This video. This video is the first thing in a week that has actually made me feel something.
I would like to write about having gone to the police but, to be honest, I could only tell about a quarter of the story at this point. Or, well, I assume. I don’t know. Maybe they were lying, and they won’t call me back, and nothing will come of it. I don’t know which way I would prefer at this point. I can’t help but feel like, either way, I’ve painted myself into a corner.
So, instead, here’s what I have to offer tonight. I’m sorry that I’m probably out of practice at this. A week or two can be such a long time, somehow.
A word to the wise, to every other victim out there. To every other human being who has ever let it all fester inside of them for Someone Else’s Sake: who never told or waited Too Long to tell about how he laughed afterwards, about the way she drunkenly slurred shhhhhhhhhh-don’t-let-anyone-hear, about how they took turns until you almost tore, about the orgasm that you’re ashamed you had or the black eye you were left with. And all because there was someone out there who couldn’t handle to know the truth. Someone who could be hurt. Someone who could be in danger. Someone who couldn’t or wouldn’t or didn’t want to believe you.
To all of you, I believe you. I support you. I will stand there and I will take all the bullshit you want to dole out to everyone just to make sure they’re not bluffing, and I will absorb it and smile back and still call you what I used to. I will take all that bullshit because I know what it’s like to want to dish it out, to hate what they expect of you; to hate the don’t dwell on it and the you’ve changed and the I don’t know what you expect me to do. I will take what I wish I knew how to give: all the anger and confusion and everything else that you keep bottled up inside so deeply even you barely recognize it
because maybe, like me, you had that One Person.
A word to the wise:
Do not have That One Person.
If someone tries to make anything a never or an always, run, don’t walk, away.

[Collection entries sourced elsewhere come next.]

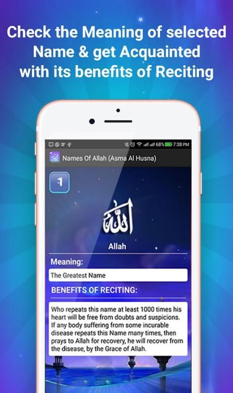 भगवान के नाम और अर्थ अनुप्रयोग, कोई इंटरनेट कनेक्शन अपनी पहली डाउनलोड करने के बाद इस इस्लामी एप्लिकेशन काम करने की जरूरत के ऑफ़लाइन कार्य इस्लामी आवेदन।
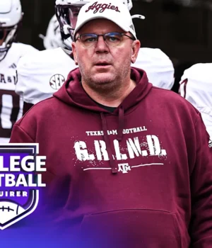 O técnico do Texas A&M Aggies, Mike Elko, está pronto para liderar seu time em campo. Foto de Scott Winters/ICON Sportswear via Getty Images
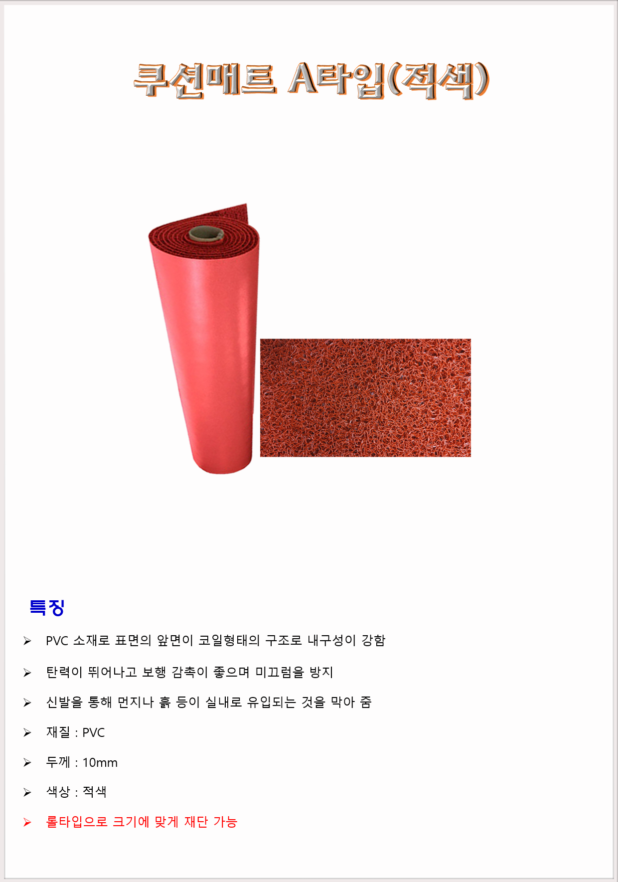 안전용품 메트 코일매트 쿠션매트 A타입(적색) 10mm(두께)
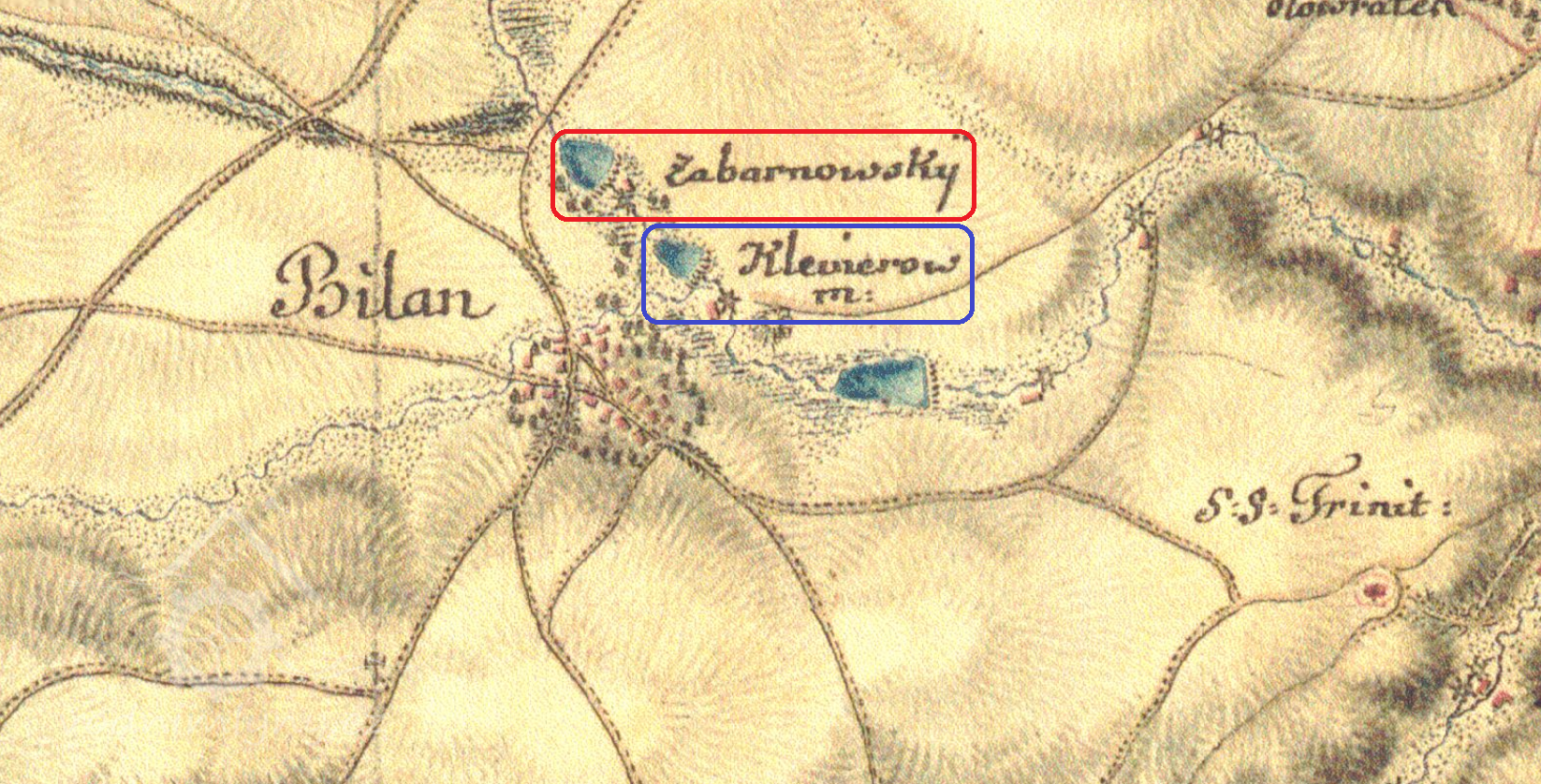 Svárovský (červeně) a Kleinerův (modře) mlýn, I. vojenské mapování, výřez, 1764-1768, © oldmaps.geolab.cz

Because if I have learned anything of late, it is that even the most well-intentioned people have very fucked up ideas about the Right Reactions to everything you and I have been through. I say “fucked up”, but for all I know it’s the Right way, too. I don’t understand that. I don’t understand how anyone is trying to make a rational, moral statement out of something so inherently complicated and subjective. But the point is, they will, eventually. Or they might – in my experience, they will. And when that time comes, I’ve found, all that never and always goes right out the window.
So, don’t make the mistake I’ve made. Remember: I am not a role model. I never have been a role model.

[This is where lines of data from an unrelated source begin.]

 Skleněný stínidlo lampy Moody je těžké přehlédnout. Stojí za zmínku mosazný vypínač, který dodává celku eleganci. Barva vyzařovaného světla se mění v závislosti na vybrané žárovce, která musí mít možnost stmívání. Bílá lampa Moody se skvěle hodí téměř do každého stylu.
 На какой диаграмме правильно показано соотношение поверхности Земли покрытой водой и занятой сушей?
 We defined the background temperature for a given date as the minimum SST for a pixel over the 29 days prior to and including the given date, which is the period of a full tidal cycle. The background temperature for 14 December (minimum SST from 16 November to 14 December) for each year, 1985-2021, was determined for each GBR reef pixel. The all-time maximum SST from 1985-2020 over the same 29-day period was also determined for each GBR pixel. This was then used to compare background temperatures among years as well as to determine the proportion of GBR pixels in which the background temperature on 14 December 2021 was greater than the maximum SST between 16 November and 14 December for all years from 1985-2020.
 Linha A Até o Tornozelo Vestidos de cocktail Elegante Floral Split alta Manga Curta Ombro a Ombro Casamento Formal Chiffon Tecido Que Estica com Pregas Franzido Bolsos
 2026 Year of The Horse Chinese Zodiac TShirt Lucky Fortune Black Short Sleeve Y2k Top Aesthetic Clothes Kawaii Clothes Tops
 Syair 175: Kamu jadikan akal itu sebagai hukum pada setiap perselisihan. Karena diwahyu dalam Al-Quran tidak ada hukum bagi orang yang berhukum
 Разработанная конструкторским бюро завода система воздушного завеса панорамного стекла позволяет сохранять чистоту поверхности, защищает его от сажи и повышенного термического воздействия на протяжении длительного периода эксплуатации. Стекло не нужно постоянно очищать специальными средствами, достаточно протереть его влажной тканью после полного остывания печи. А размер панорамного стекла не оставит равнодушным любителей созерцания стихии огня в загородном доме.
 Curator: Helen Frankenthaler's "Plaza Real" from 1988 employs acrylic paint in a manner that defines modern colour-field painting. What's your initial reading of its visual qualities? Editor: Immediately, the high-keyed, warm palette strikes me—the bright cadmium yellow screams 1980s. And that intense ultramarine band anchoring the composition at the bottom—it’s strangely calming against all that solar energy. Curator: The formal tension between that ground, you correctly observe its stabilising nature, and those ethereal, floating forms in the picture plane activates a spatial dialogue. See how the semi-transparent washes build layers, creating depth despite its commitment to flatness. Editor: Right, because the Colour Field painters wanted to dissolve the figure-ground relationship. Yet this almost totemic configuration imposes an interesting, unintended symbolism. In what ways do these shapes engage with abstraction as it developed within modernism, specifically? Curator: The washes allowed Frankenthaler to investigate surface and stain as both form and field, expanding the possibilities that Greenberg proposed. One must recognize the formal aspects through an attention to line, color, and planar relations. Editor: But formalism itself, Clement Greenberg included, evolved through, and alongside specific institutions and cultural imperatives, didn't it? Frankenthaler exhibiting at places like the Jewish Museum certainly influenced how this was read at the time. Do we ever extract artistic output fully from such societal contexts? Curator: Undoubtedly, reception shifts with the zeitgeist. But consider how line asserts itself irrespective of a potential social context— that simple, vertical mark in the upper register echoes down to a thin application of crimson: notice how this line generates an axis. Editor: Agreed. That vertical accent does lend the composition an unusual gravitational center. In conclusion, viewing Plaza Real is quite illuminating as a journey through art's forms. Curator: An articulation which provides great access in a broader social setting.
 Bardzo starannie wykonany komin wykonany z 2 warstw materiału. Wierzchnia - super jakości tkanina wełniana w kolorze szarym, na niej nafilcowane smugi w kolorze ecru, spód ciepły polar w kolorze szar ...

Don’t have that One Person who you rely on, who tells you to call late at night when you can feel the bottom dropping out of your stomach and the world suddenly seems simultaneously too big and too empty.
Friends are important. Friends are support, and support is something you need as much as you can get of right now.
But for fuck’s sake, don’t do what I did. Don’t assume that anyone ever really means a never or an always, because people are fickle, and people say one thing and do another; and sometimes, that another can be something like threatening to go to the police for you if you don’t do it yourself.
Or referring to you as “[Rapist]’s Sloppy Seconds”.
Or calling the fact that you kept your rape secret a Betrayal to them.
Or something as subtle as, not 12 hours after you’ve finally reported to the police something that you’ve had eating away at you for a year, suddenly informing you that they are your friend out of Pity.
Fuck this, I’m going to bed. Expect an actually productive post within the next few days: I’ve had one a-brewin’ about allies’/advocates’ responses to rape. Also, I’m planning on putting up an “emergency info for victims” type page, so once I get my ducks in a row over that, expect that to surface as well.